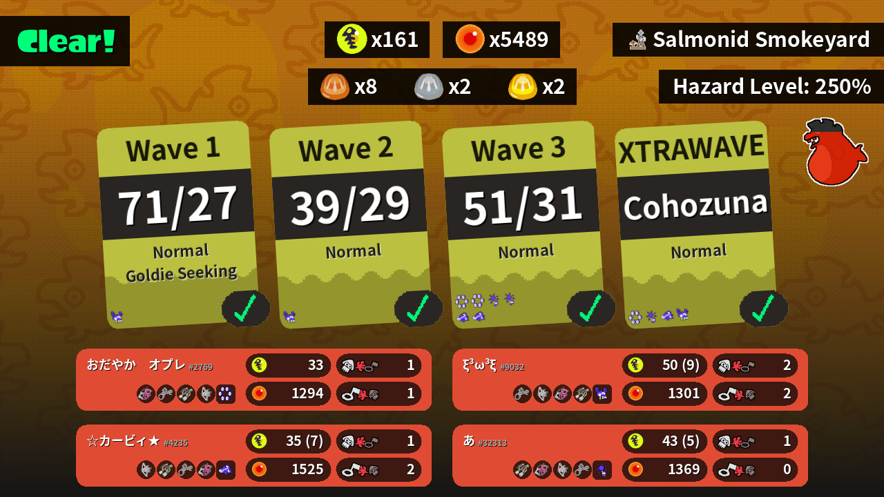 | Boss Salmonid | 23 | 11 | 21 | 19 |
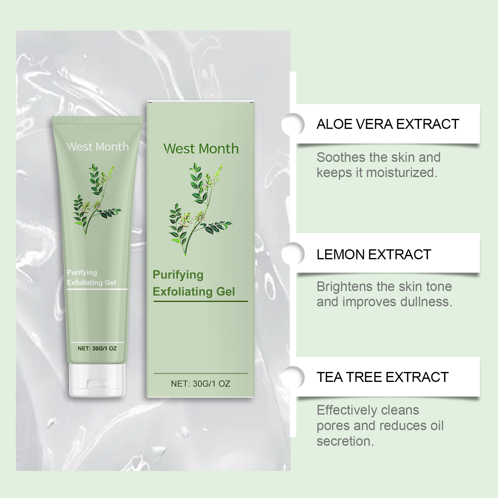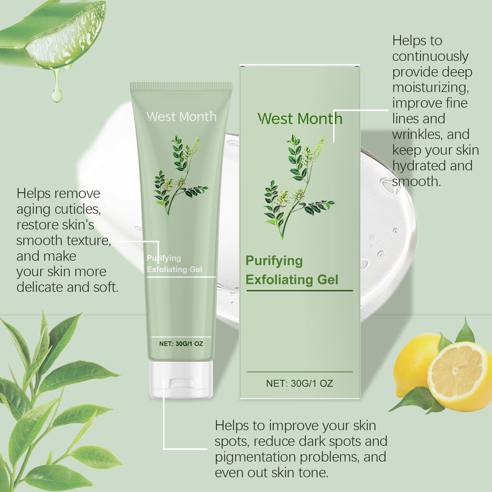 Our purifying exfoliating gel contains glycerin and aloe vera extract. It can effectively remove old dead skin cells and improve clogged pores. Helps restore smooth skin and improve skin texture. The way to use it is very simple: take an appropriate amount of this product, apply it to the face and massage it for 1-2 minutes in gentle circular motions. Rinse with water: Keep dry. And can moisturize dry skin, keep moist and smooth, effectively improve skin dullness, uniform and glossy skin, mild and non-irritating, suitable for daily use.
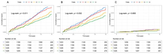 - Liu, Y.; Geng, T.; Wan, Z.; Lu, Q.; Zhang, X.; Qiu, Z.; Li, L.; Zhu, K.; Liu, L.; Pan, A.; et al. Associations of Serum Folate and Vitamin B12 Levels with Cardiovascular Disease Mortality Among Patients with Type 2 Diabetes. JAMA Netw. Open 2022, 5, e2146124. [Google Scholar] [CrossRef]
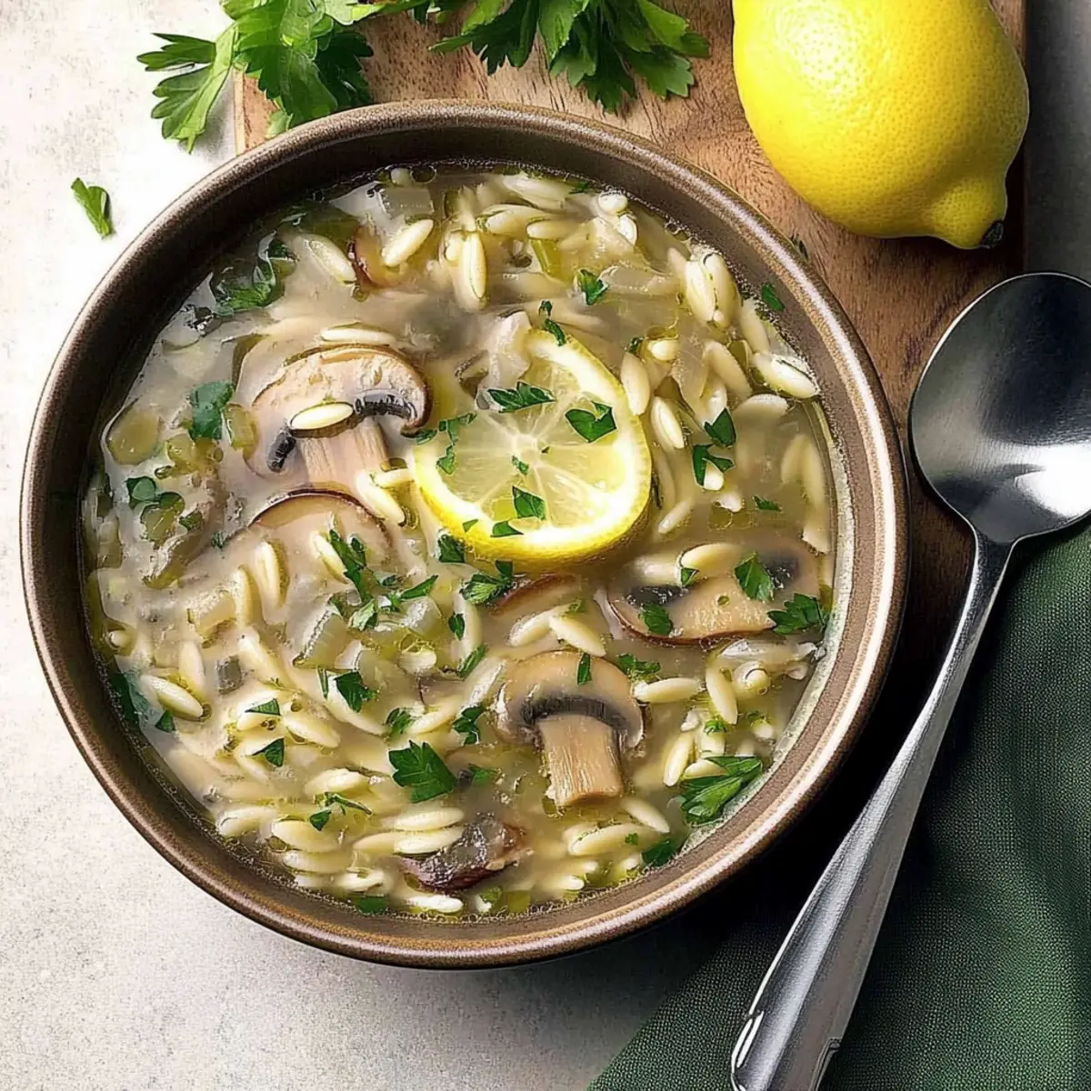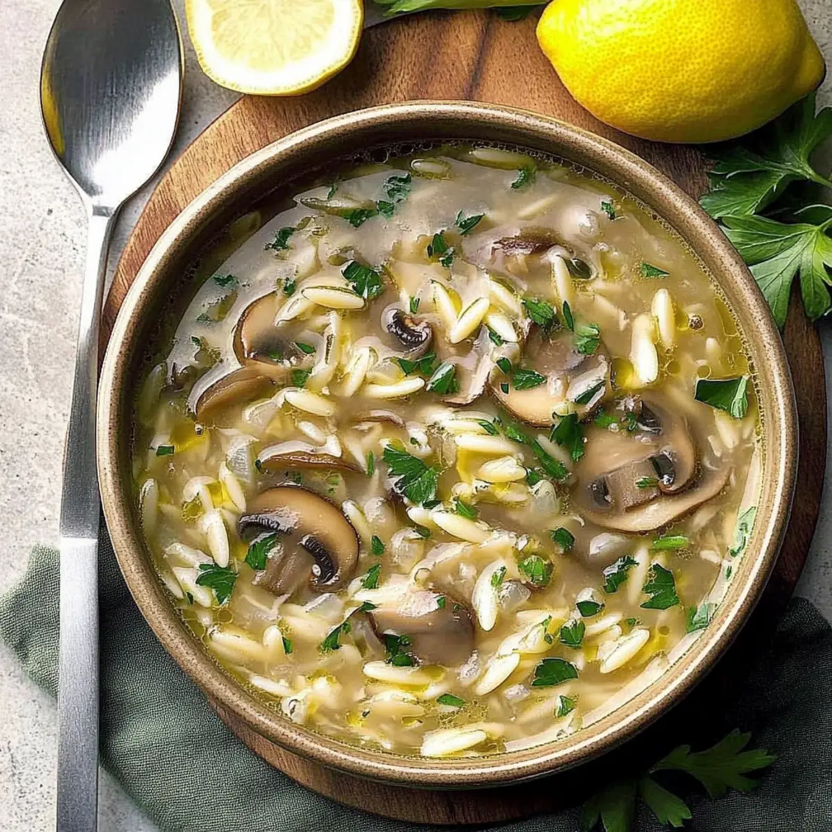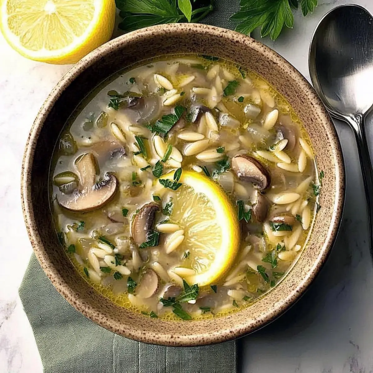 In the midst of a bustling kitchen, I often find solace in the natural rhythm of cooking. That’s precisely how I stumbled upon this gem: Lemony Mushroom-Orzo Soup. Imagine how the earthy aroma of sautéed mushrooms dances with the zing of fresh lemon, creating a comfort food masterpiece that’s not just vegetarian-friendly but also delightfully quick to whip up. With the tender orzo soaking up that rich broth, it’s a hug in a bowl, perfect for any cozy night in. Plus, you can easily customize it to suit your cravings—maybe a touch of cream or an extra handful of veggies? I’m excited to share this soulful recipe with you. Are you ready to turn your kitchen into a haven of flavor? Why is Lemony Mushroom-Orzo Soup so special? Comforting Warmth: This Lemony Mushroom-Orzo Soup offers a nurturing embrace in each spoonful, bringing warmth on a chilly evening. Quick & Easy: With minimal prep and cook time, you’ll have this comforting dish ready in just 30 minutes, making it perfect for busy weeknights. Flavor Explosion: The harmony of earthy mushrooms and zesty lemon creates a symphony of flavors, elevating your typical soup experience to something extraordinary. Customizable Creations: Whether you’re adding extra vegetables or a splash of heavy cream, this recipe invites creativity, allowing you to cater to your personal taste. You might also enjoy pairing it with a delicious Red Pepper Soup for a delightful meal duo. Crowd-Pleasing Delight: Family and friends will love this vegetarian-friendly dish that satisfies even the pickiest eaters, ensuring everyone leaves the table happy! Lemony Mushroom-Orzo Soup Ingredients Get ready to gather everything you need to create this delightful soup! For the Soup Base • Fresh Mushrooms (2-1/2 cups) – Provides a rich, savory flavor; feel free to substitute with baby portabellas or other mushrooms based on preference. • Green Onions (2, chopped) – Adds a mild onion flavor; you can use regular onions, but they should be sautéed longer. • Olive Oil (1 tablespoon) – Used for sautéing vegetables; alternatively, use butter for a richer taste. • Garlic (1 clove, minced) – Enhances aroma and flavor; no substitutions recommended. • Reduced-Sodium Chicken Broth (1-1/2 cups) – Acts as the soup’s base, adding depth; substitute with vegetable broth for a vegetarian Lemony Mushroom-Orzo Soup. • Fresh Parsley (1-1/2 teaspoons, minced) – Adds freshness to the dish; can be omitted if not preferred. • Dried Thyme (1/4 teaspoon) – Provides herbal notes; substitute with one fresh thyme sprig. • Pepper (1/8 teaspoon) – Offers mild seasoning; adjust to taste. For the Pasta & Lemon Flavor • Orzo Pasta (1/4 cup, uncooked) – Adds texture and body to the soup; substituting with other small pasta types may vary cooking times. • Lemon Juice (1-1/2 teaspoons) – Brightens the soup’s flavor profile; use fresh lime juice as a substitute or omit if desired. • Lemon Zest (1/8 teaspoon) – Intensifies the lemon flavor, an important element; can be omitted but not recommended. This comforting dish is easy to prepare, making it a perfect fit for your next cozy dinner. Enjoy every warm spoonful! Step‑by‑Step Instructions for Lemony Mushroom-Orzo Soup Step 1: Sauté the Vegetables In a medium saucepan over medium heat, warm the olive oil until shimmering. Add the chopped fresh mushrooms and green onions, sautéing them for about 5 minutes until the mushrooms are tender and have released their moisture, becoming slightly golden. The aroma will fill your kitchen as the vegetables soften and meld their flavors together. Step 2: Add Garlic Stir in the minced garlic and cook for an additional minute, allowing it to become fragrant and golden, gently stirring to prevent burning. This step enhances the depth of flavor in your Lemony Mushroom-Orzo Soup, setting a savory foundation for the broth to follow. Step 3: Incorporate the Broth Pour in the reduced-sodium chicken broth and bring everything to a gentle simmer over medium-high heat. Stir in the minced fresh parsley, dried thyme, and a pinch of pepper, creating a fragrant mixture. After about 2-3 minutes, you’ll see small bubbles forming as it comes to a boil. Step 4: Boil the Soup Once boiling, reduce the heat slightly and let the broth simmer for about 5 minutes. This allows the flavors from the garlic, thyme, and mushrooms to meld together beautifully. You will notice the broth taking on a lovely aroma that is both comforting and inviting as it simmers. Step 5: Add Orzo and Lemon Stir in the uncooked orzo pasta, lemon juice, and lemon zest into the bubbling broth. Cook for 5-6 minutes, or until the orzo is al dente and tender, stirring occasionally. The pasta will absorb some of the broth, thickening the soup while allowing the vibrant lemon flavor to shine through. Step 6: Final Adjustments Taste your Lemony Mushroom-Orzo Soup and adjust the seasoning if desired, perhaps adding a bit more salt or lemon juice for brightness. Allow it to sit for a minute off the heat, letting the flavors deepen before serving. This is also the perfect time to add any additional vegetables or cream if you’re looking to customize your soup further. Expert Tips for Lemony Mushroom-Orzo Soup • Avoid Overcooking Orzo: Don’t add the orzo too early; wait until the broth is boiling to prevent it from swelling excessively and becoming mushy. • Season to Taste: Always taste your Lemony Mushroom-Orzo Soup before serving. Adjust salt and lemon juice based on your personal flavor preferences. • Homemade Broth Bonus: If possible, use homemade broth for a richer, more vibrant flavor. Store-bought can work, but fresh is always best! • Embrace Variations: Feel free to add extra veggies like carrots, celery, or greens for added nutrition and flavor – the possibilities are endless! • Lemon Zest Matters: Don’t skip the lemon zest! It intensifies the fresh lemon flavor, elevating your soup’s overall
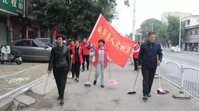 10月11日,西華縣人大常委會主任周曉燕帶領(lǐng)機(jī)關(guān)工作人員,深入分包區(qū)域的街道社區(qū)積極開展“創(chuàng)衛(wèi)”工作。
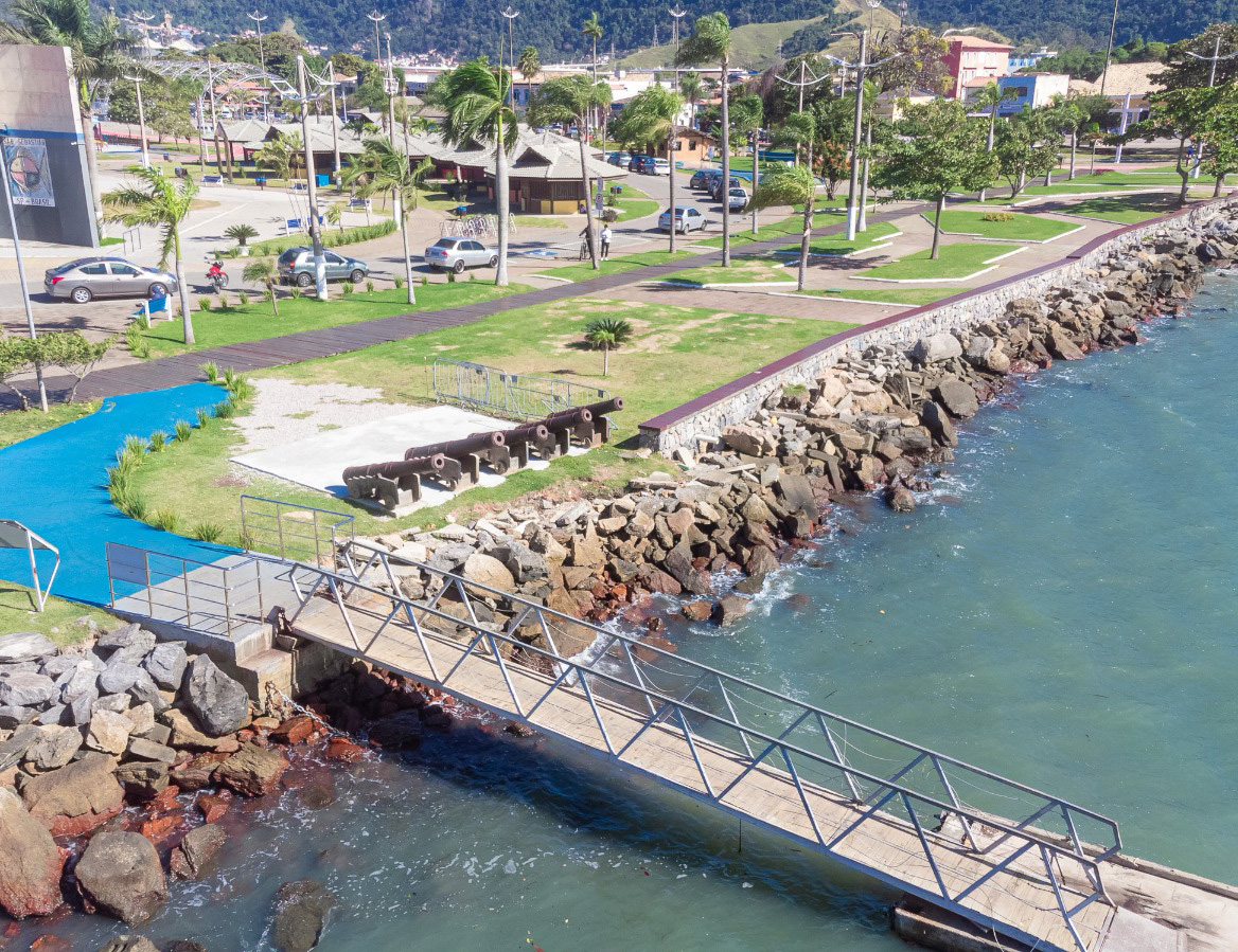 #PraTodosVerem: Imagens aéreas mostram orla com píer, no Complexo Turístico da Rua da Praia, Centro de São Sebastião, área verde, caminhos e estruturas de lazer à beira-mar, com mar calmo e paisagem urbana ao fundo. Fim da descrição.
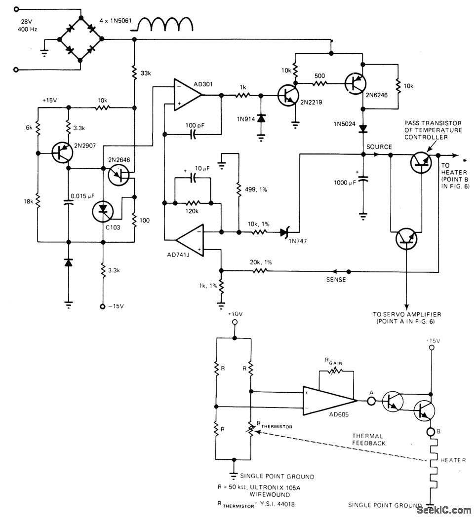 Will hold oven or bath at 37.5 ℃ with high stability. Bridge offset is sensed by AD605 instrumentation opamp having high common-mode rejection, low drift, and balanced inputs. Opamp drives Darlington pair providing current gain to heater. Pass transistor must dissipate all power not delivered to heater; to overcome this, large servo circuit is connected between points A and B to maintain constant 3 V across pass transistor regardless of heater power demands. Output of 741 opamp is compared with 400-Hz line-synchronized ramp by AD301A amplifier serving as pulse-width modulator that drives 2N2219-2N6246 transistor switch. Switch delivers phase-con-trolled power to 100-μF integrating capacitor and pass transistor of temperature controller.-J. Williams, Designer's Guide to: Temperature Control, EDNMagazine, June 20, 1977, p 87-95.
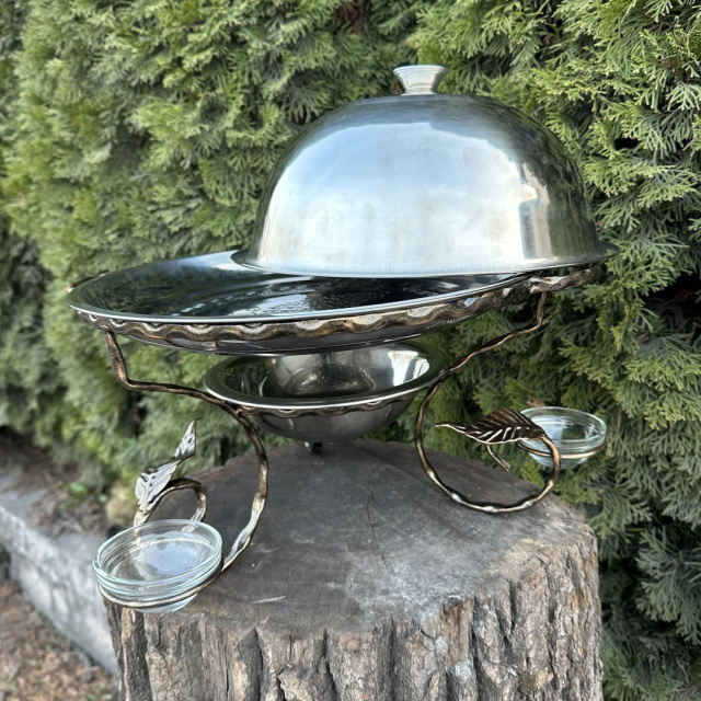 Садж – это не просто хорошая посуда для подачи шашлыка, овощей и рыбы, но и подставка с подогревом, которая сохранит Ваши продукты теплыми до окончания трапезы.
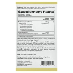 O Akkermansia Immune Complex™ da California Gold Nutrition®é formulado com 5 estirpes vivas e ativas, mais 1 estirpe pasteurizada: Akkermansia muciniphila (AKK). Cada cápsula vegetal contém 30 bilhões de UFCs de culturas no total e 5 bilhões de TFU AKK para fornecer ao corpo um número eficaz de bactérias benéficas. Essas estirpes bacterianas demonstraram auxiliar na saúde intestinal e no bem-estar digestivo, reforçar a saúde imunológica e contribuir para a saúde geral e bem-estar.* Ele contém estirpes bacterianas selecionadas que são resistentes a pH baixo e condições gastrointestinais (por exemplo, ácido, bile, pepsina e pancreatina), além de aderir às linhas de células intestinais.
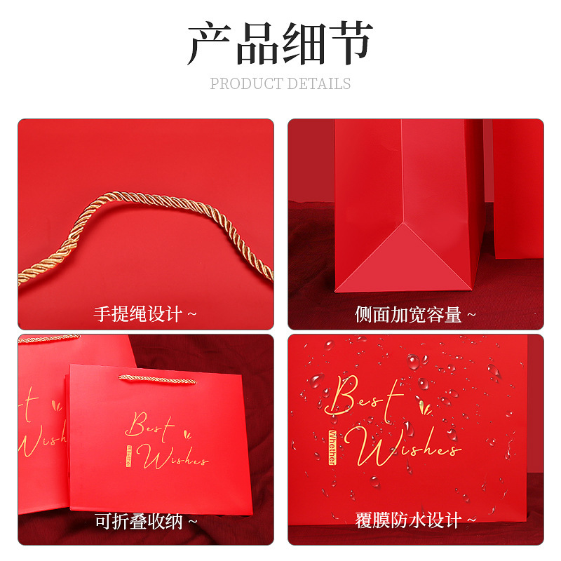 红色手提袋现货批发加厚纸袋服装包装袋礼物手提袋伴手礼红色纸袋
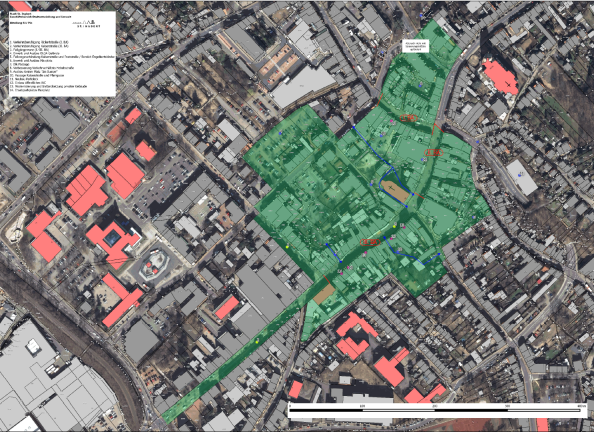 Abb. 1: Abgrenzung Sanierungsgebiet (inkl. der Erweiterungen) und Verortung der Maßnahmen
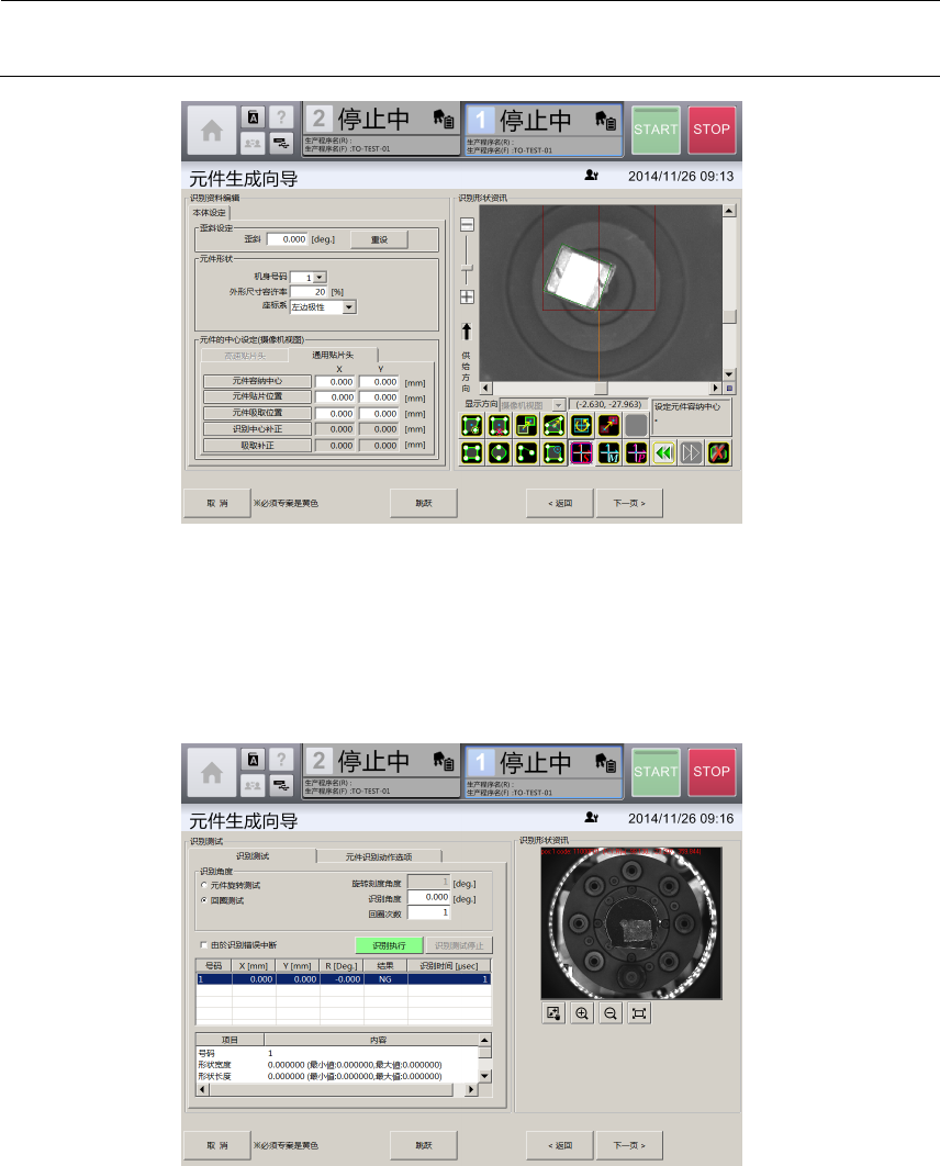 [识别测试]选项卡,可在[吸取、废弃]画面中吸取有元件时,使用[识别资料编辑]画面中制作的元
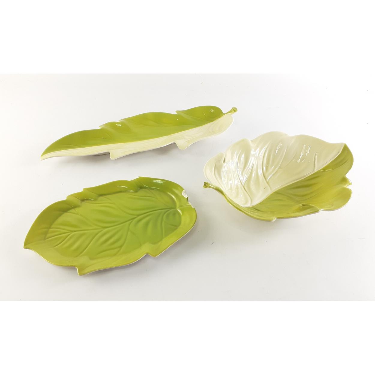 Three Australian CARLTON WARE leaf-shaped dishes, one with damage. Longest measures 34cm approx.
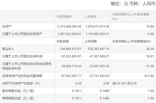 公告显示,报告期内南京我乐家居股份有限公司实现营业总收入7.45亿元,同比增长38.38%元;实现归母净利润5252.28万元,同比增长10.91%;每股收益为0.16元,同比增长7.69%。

What is required - Using the records above, print exactly the lines between the ones containing "红色手提袋现货批发加厚纸袋服装包装袋礼物手提袋伴手礼红色纸袋" and "Three Australian CARLTON", inclusive, and nothing else; no pictures.

Your response -
 红色手提袋现货批发加厚纸袋服装包装袋礼物手提袋伴手礼红色纸袋
 Abb. 1: Abgrenzung Sanierungsgebiet (inkl. der Erweiterungen) und Verortung der Maßnahmen
 [识别测试]选项卡,可在[吸取、废弃]画面中吸取有元件时,使用[识别资料编辑]画面中制作的元
 Three Australian CARLTON WARE leaf-shaped dishes, one with damage. Longest measures 34cm approx.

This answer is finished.